That was why any moderate to large Chef installation always turned out to be such a nightmare in practice - it was so easy to break out of the DSL, so people ended up swaddling it in impenetrable, unmaintainable spaghetti code. Ansible was a real breath of fresh air when it first came along!
This is just the pendulum swinging back again, and at least Python tends to be a little less "clever" (and therefore less write-only) than Ruby.
It seems to me that infra management is inherently suited to declarative logic. I'm pragmatic enough to understand why SWEs with little infra experience might prefer an imperative approach, but I tend to think you should pick one or the other and stick to it. In my experience, hybrid systems end up combining the worst aspects of both.
> It seems to me that infra management is inherently suited to declarative logic. I'm pragmatic enough to understand why SWEs with little infra experience might prefer an imperative approach, but I tend to think you should pick one or the other and stick to it.
Yep. IMO, imperative is definitely easier to reason about, and it’s what most programming languages are designed around, but it is absolutely the wrong approach for infrastructure. There are too many things that can go wrong that you may or may not have designed for. Declarative _is_ the state.
“Built on Python, Salt is an event-driven automation tool and framework to deploy, configure, and manage complex IT systems. Use Salt to automate common infrastructure administration tasks and ensure that all the components of your infrastructure are operating in a consistent desired state.”
If you're a software engineer who wants to setup and maintain infrastructure, give PyInfra and Pulumi a go!
Huge fan of PyInfra. For my homelab, I use Pulumi with Python and PyInfra to build fully declarative intent based infrastructure. You can use actual software engineering principles like composition, inheritance, DI to setup and wire your infrastructure and services. One of the benefits of this is your infrastructure and services are now self documenting (have them write out a mermaid diagram!) and easily testable using pytest (from cheap unit tests to extensive integration tests (I use Incus)).
Instead of Pulumi, I originally used Terraform CDK with Python before CDK got IBM'd. The migration to Pulumi was refreshingly painless. My original reason for not choosing Pulumi was the crippled state of the open source, self hosted backend support a decade ago but it looks like that is now way more mature and less crippled.
PyInfra is a breath of fresh air compared to Ansible - its not just fast, it's more Pythonic, so IDE features actually work, readable, maintainable, debuggable. I call it infrastructure for software engineers.
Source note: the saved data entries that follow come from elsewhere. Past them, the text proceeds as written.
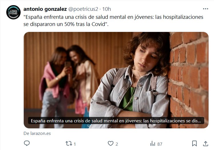 «España enfrenta una crisis de salud mental en jóvenes: las hospitalizaciones se dispararon un 50% tras la Covid» Posted on septiembre 20, 2024 por coronado
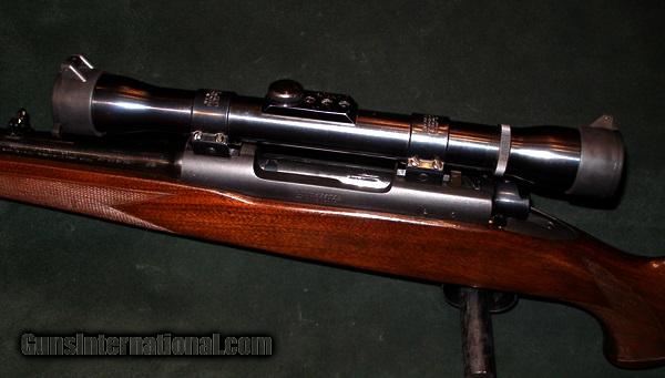 Description: WINCHESTER PRE 64 MODEL 70 FEATHERWEIGHT .3006 BOLT ACTION RIFLE, 1961 MFG DATE, 22" BBL, FULL LENGTH EXTRACTOR, SINGLE TRIGGER, MEDIUM DARK WALNUT, PISTOL GRIP, M/C COMB, LOP 13 1/4, 7LBS 14OZ WITH SCOPE, WEAVER KV SCOPE, HOODED RAMP FRONT, ADJ FOLDING REAR, 98% ORIGINAL BLUE, EXCELLENT BORE! SOLD |
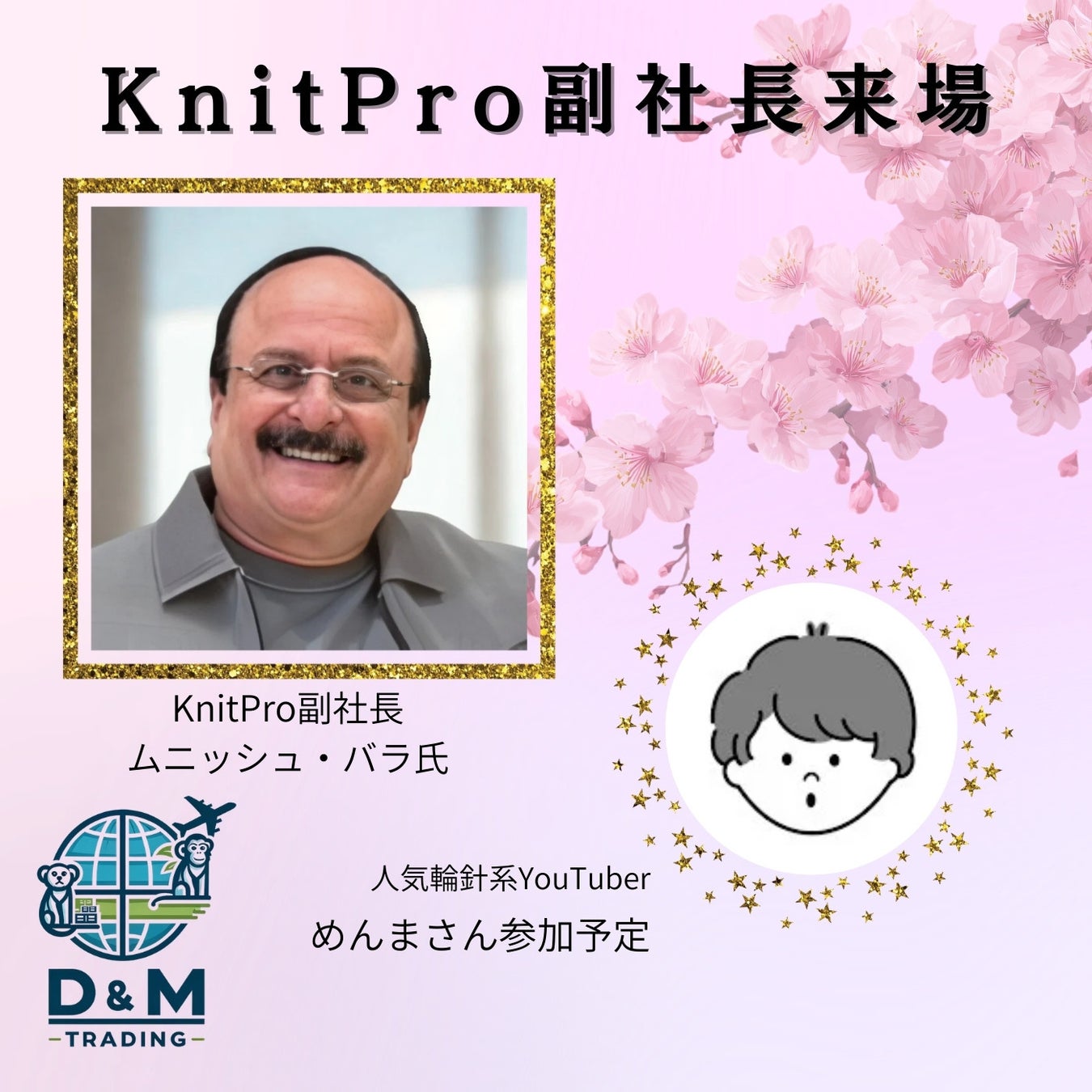 特別ゲストとして、KnitPro社副社長 ムニッシュ・バラ(Munish Bhalla)氏、ならびに人気輪針系YouTuber めんまさん(@menma_______) の来場を予定しております。
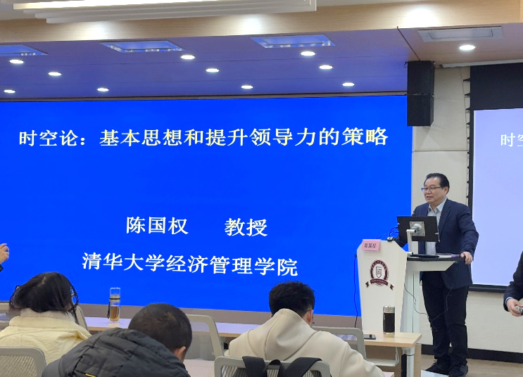 2024年12月16日下午,贵州大学管理学院在致远楼305报告厅举办了第15期致远大讲坛,教育部长江学者特聘教授——清华大学经济管理学院陈国权教授受邀,开展主题为《时空论:基本思想与提升领导力的策略》的专题讲座,讲座由管理学院院长李烨教授主持。本次讲座聚焦时空论这一新兴理论视角,深入探讨了时空思维对领导力发展的深刻影响及其在实际管理中的应用。
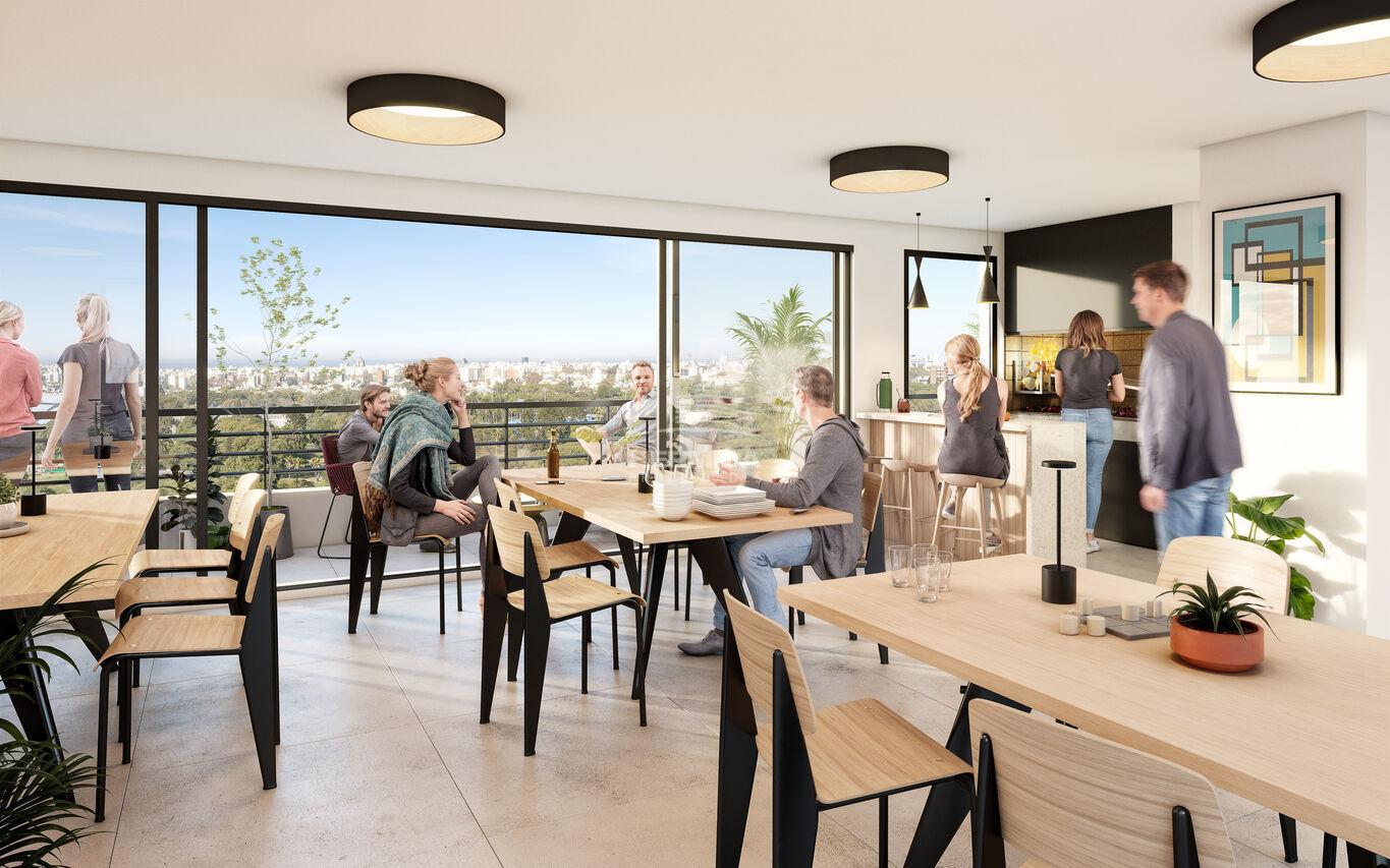Amenities que proyectan tu disfrute y comodidad al máximo : Barbacoa equipada y parrillero abierto, salón de usos múltiples con vistas panorámicas al Parque Batlle, gimnasio, patio interior enjardinado, bicicletero, laundry, portería virtual.
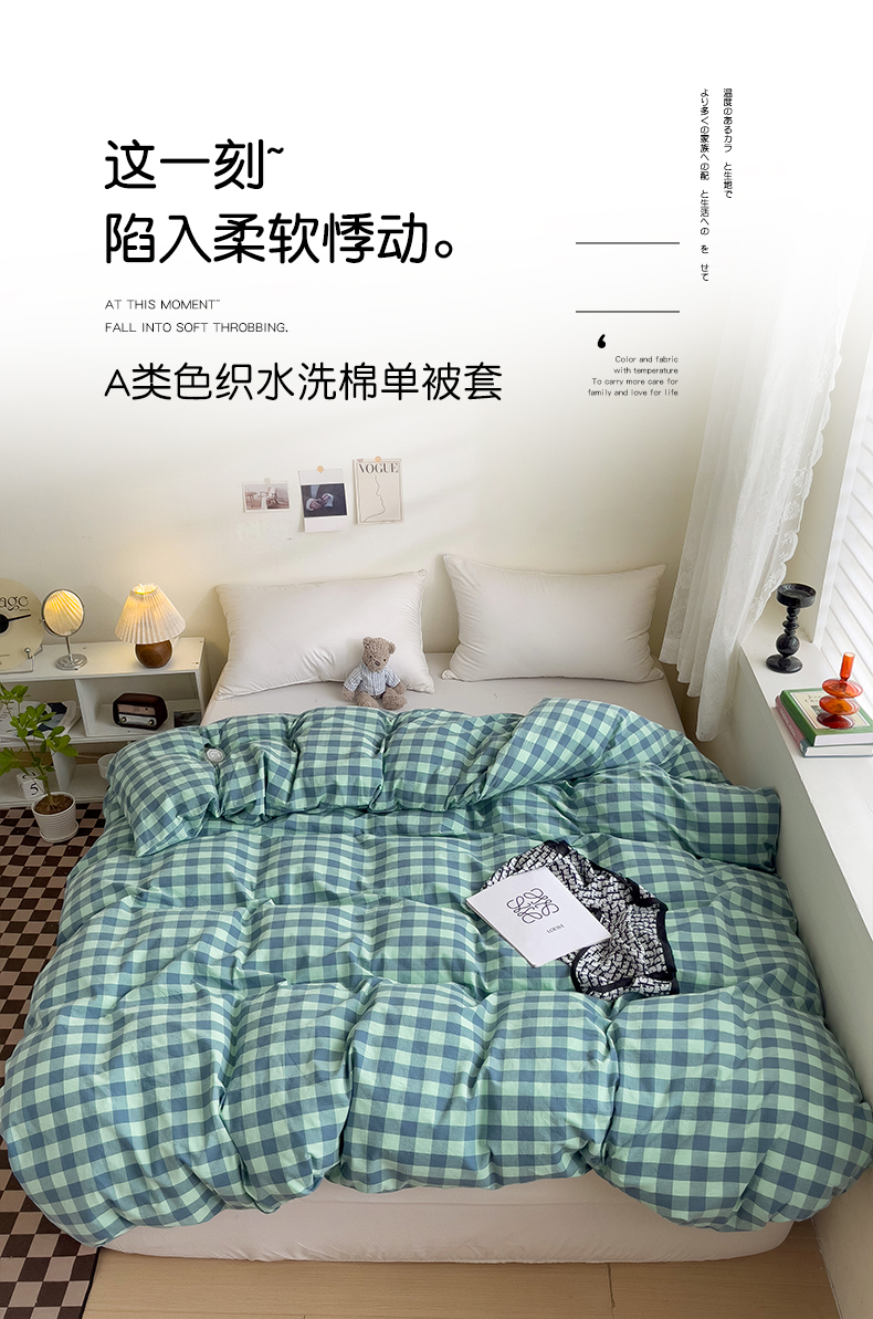 大柏树 2025新款A类色织全棉水洗棉单品系列-单被套 绿灰小格
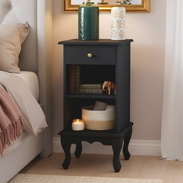 A Mesa de Cabeceira com Gaveta e Nicho Pés Luiz XV é a escolha perfeita para quem busca elegância e praticidade em um único móvel. Inspirada no estilo clássico Luiz XV, ela combina detalhes refinados, como os pés curvados, com a funcionalidade moderna de gaveta e nicho, criando uma peça que é ao mesmo tempo sofisticada e útil. A gaveta oferece espaço para armazenar seus objetos pessoais de forma discreta, enquanto o nicho aberto é ideal para itens de fácil acesso, como livros, eletrônicos ou objetos decorativos. A estrutura robusta e o acabamento cuidadoso garantem a durabilidade da peça, que se destaca pelo charme e pelo design atemporal. Com os pés Luiz XV, a mesa traz um toque de luxo e elegância, tornando-se o ponto focal do ambiente. A Mesa de Cabeceira com Gaveta e Nicho Pés Luiz XV é perfeita para quem deseja unir beleza, funcionalidade e estilo clássico no quarto, criando um ambiente sofisticado e acolhedor.
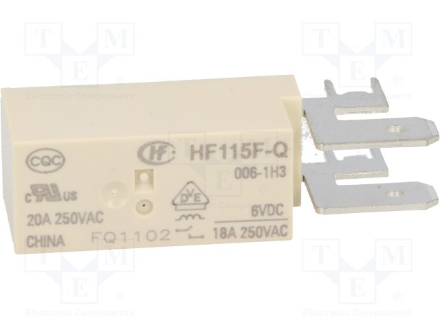 Реле: электромагнитное; SPST-NO; Uобмотки: 6ВDC; 20A/250ВAC; 20А |

If anyone wants to use an AI agent to try out PyInfra - One issue I've faced is that PyInfra was rearchitected in v2 (and some more in v3?) but what belongs in v1 vs v2 vs v3 isn't very clear, so an AI agent could spend a lot of time writing v1 code, having it fail and iterate to v2 and then to v3.
The official site uses the version in the URL as the namespace but it seems like the SOTA AI agents don't pay much attention to that.
Maybe writing a llms.txt for PyInfra v2, or v3 would be an extremely useful task to help with onboarding newcomers?
Disclosure: PyInfra core contributor here.
We just shipped 3.8.0.
PyInfra is an agentless infrastructure automation tool. Same job description as Ansible, Salt, Chef. SSH into hosts, describe desired state, it diffs and converges. No agent, no central server, no daemon.
The difference: your "playbook" is just Python. Not Python cosplaying as YAML. Not Jinja smuggled inside YAML inside a Helm chart inside a Kustomize overlay. Actual Python:
from pyinfra.operations import apt, files, server
apt.packages(packages=["nginx"], update=True)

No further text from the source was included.